In fact, consistency on the small scale is needed to protect internal state, to prevent data corruption. But if you try to scale it out, and put mutexes on other things - you reduce parallelism and introduce latency. And in fact, for protecting internal state, the actor model is enough - as an object processes one message at a time, internal state is always consistent. Outside of it - you should be building around eventual consistency. But how?

Embracing Eventual Consistency

How does a program deal with eventual consistency? How can a program make a decision based on information, if that information can change under it?

A program doesn't just read information - it checks for conditions. If we want to protect every possible condition from changing - we can introduce locking, which is suboptimal. Instead, we can have the program poll for a condition - and proceed with the transaction while it holds. If it stops holding, while in the middle of a transaction - we would need to roll back all of the steps taken up to that point, in reverse order. That is achieved with the Saga Pattern.

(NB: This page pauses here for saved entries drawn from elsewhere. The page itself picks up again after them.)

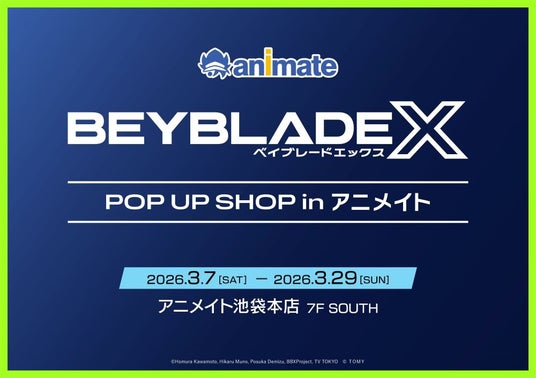 株式会社アニメイトは、2026年3月7日より現代版ベーゴマ『BEYBLADE X(ベイブレードエックス)』(発売元:株式会社タカラトミー)の「BEYBLADE X POP UP SHOP in アニメイト」をアニメイト池袋本店にて開催いたします。また、同店にてアニメイト初となるベイブレード公式大会「BEYBLADE X アニメイトカップ」の開催が決定いたしました。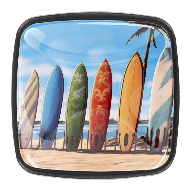 FVQL Pack of 4 Cabinet Hardware Knobs with Screws, Drawer Pulls Dresser Handles, Beach Surfboard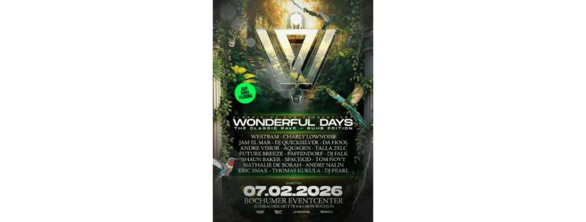 Mit „Wonderful Days – The Classic Rave“ kommt am 07. Februar 2026 eines der beliebtesten Oldschool-Eventformate erstmals nach Bochum – und verwandelt das legendäre Bochumer Event Center für eine Nacht in einen pulsierenden Rave-Tempel.
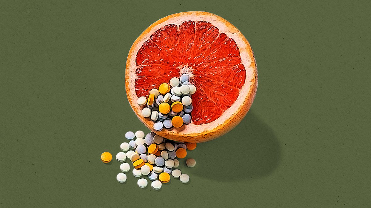 (Picture: Grapefruit with pills coming out of it. Credit: Getty/BBC)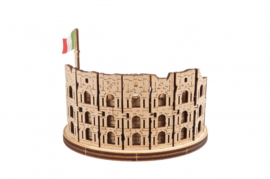 Elegantiškas medinis Koliziejaus modelis 1:1000 masteliu tiksliai atkuria ikoniškas arkas ir sluoksniuotas tribūnas šio antikinio amfiteatro. Surinkimas trunka apie 30 minučių ir nereikalauja klijų ar specialių įrankių. Idealiai tinka istorijos, architektūros mėgėjams ir kaip stilinga stalo ar lentynos dekoracija.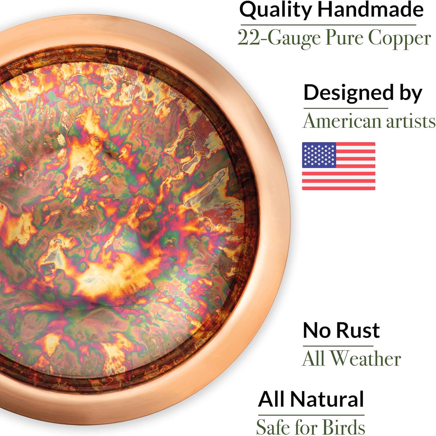 • SAFE FOR BIRDS: Copper baths are a bird's best choice. Natural lack of harmful coatings, and natural patina makes it reliable and ideal for bird habitat.

But we could be polling for data from different nodes at random, where each node will have a different replica of data. How do we deal with the timeline going back-and-forth between nodes? We would need versioning of objects - the program would under the hood remember the last version of an object that it observed (or if it modified an object - the version after it), and when polling for that object, it would include that version - and the node would respond with the version of the object at least as fresh, or return a temporary error. And to have causal relationships propagate down the callstack, so too should the last observed versions - that way, history for the program progresses monotonically, and doesn't jump backwards.

This is how a program would observe eventually consistent state correctly. What about modifying it?

CQRS and Event Sourcing

Ensuring idempotent mutations is tricky, especially if the logic of the application itself is not idempotent. Then you just need to bite the bullet, and slap an ID onto everything. The IDs then need to not collide, to be stored, to be checked, all a giant mess.

Would be a way lesser mess, if the language runtime took care of all of it? The programmer would cleanly separate functions into commands, queries, and primitives. Commands return their status - pending, success, failure - and are idempotent. Can call other commands or queries. Queries are non-mutating and can call other queries. Primitives are regular functions, which can only run locally, and call other primitives. All of the infrastructure for that - the runtime takes care of.

In fact, the need to store an ever-increasing log of command IDs can be turned into a feature - by recording updates into an event log, also entirely handled by the runtime. The event log is good for replication, for looking back through history (especially code history, since code is objects), for recovering through failures by re-applying events from the event log, for even write load to physical storage - while the snapshot of the current state can be kept in RAM.

Conclusion

The approach outlined in this blog is proven scalable and robust by industry experience, but less ergonomic - which is addressed by integration with language. In the next blog, we will look at how programs are to be modeled - and modeled correctly.